Encyclopedia of Trotskyism On-Line: Revolutionary History, Vol. 8 No. 2
The last edition of Revolutionary History (Volume 8, no. 1, The Comintern and its Critics) contains an article by Ante Ciliga, How Tito Took Over the Yugoslav Communist Party, from 1961. At the beginning of the article, Ciliga states that in 1935 he heard that ‘Josip Broz Tito’s wife, Pelegea Denisova Belousova had been arrested and subsequently died in prison’. This is also asserted in several other parts of the article. The footnotes give no dates for Belousova’s birth or death.
Paolo Casciola’s contemporary introduction does not take up this issue, and neither does the editorial introduction. It does however, make reference to Jasper Ridley’s 1994 biography Tito. Yet any brief examination of this work tells a rather different story.
Ridley states on page 143 that the date of the arrest of Pelegea Belousova (Polka Broz) was 1938 and her period of incarceration as 27 months. At this time, Polka was not Tito’s wife, as stated by Ciliga, but his ex-wife. (His new wife Lucia Bauer was also arrested.) Pages 343–4 of Ridley’s work state that she refused to act as a Soviet agent for Stalin, and that Tito’s son by Polka Broz, Žarko, visited her in the Soviet Union in 1965, where she had lived unmolested after Stalin’s death. She died in 1967 without ever revisiting Yugoslavia. Ridley’s source was Žarko Broz, and it’s difficult to see what his motive would be for inventing this information.
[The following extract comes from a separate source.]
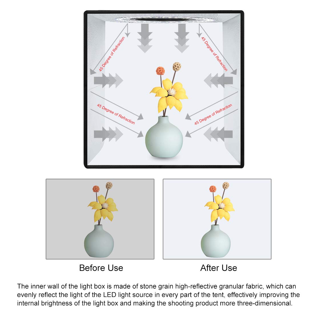 Features 1.Quick Storage, Good Three-Dimensional Effect Of The Shed. 2.Exquisite Color Box Packaging Design, Beautiful Atmosphere. Led Specification 1.Number Of Lamp Beads: 96 High-Display Lamp Beads 2.Lamp Bead Model: 2835 3.Lamp Bead Brightness: 24-26Lm 4.Positive White Temperature: 5500K 5.Dimming Range: 1%-100% 6.Dimming Gear: 10 Gears Adjustment 7.Cri: Ra More Than 97 8.Power: 1-10W 9.Voltage: 5V 10.Size: 200Mm Outside Diameter 11.Power Supply: Usb Interface Power Supply 12.Cable Length: 2 Meters Note: With 6 Pcs Background Papers, Both Sides Are Available, There Are 12 Colors Background. Package List 1.Photo Studio (A Ring Light Board) X 1 2.Soft Case X 1 3.Black/White Background Paper X 1 4.Gray/Gold Background Paper X 1 5.Yellow/Orange Background Paper X 1 6.Red/Pink Background Paper X 1 7.Blue/Purple Background Paper X 1 8.Green/Brown Background Paper X 1 9.Color Packing Box X 1

Of course, Tito could be accused of having saved his own skin by not protesting against his close relatives’ arrest, but Ciliga’s intention seems to be to portray him in the worst possible light. Given Ciliga’s evolution to the right in the postwar period and the undoubted inconsistencies of his account, printing this article uncritically seems irresponsible.
Paolo Casciola adds:
I got a copy of your message dated 12 August from Ted Crawford of Revolutionary History. In the concluding paragraph you say that ‘printing this article uncritically seems irresponsible’.
Ciliga’s article How Tito Took Over the Yugoslav Communist Party originally appeared in the Italian magazine Corrispondenza Socialista (Volume 2, no. 7, July 1961, pp. 393–9), preceded by a short editorial note about Ciliga’s political biography which was not included in the English translation in Revolutionary History.
In June–July 1986, I drafted an introduction to that article where I focused mainly on the origins of Yugoslav Trotskyism, and I revised my introduction some three years later, in February 1989, when both pieces – my introduction and Ciliga’s article – eventually appeared as no. 12 of the Studi e ricerche series of the Quaderni del Centro Studi Pietro Tresso.
The sources available by that time were quite poor, and I listed only some of them at the end of my introduction, but that list, too, was omitted from the English translation.
At any rate, the book you quote as a reference source on the question of Pelegea Denisova-Belousova – Jasper Ridley’s biography of Tito – appeared five years later, that is, in 1994, after the collapse of the Stalinist regimes and the opening of many previously inaccessible archives.
In 1989, neither I nor you could have known anything about the true story of Pelegea Denisova-Belousova – a story which was also unknown to Ante Ciliga, who died in 1992 and who in all probability did not know that by 1938 Pelegea Denisova-Belousova was no longer Tito’s wife and who sincerely thought that, having been arrested at the height of the Stalinist purges, she had subsequently been a victim of Stalinism, like thousands of other Communists.
Finally, I agree with you that the Revolutionary History staff could, and should, have drafted some explanatory notes to Ciliga’s article. For a long time I had given them permission to publish my introduction to it, but I was never asked for any kind of advice regarding the publication of either piece, which happened completely independently of me.